▸ TRY IT
Here is a listing. Write it all out again exactly, but not its pictures.

▸ DATA SECTION
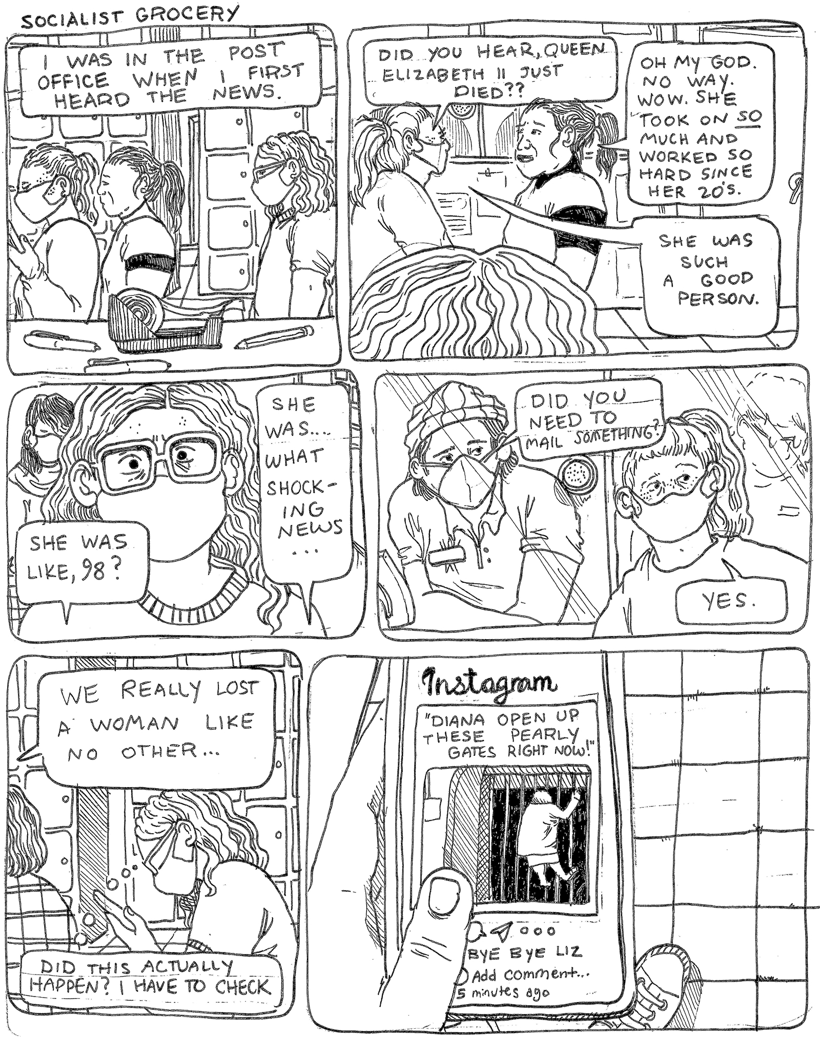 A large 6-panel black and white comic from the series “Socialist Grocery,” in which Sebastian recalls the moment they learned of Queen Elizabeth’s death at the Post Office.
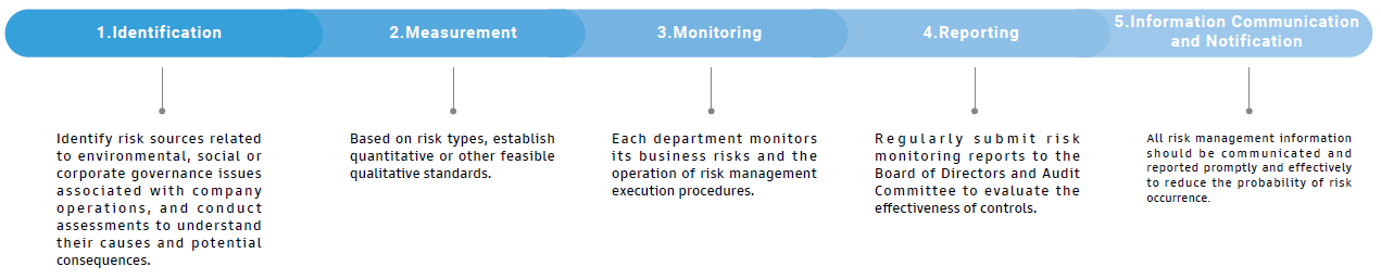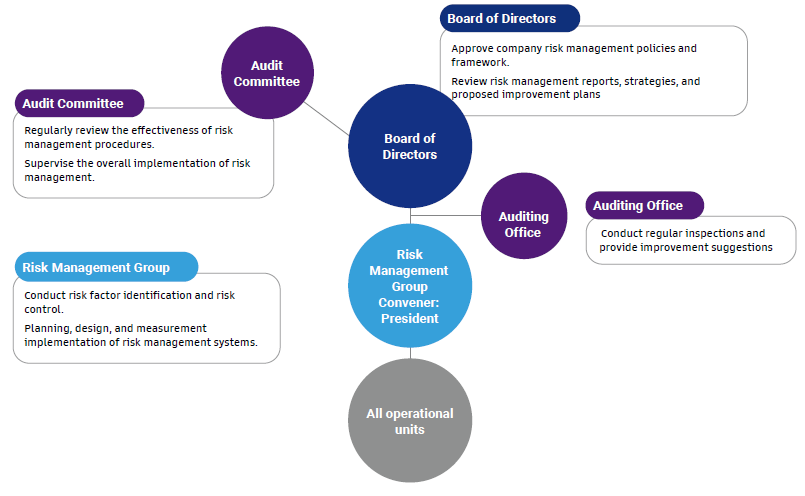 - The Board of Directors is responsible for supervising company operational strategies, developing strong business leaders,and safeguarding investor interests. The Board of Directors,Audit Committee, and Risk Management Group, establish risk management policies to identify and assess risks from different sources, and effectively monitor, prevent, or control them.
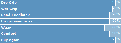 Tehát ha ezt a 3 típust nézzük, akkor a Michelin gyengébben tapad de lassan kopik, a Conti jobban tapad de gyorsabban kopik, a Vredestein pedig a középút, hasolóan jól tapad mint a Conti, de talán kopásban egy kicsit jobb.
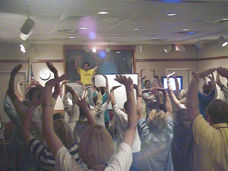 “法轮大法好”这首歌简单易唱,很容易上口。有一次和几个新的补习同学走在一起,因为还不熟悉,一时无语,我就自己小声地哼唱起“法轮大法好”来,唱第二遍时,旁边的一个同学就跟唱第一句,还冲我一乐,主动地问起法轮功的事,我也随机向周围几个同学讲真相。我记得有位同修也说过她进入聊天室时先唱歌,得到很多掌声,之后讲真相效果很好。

▸ FINISHED EXERCISE
 A large 6-panel black and white comic from the series “Socialist Grocery,” in which Sebastian recalls the moment they learned of Queen Elizabeth’s death at the Post Office.
 - The Board of Directors is responsible for supervising company operational strategies, developing strong business leaders,and safeguarding investor interests. The Board of Directors,Audit Committee, and Risk Management Group, establish risk management policies to identify and assess risks from different sources, and effectively monitor, prevent, or control them.
 Tehát ha ezt a 3 típust nézzük, akkor a Michelin gyengébben tapad de lassan kopik, a Conti jobban tapad de gyorsabban kopik, a Vredestein pedig a középút, hasolóan jól tapad mint a Conti, de talán kopásban egy kicsit jobb.
 “法轮大法好”这首歌简单易唱,很容易上口。有一次和几个新的补习同学走在一起,因为还不熟悉,一时无语,我就自己小声地哼唱起“法轮大法好”来,唱第二遍时,旁边的一个同学就跟唱第一句,还冲我一乐,主动地问起法轮功的事,我也随机向周围几个同学讲真相。我记得有位同修也说过她进入聊天室时先唱歌,得到很多掌声,之后讲真相效果很好。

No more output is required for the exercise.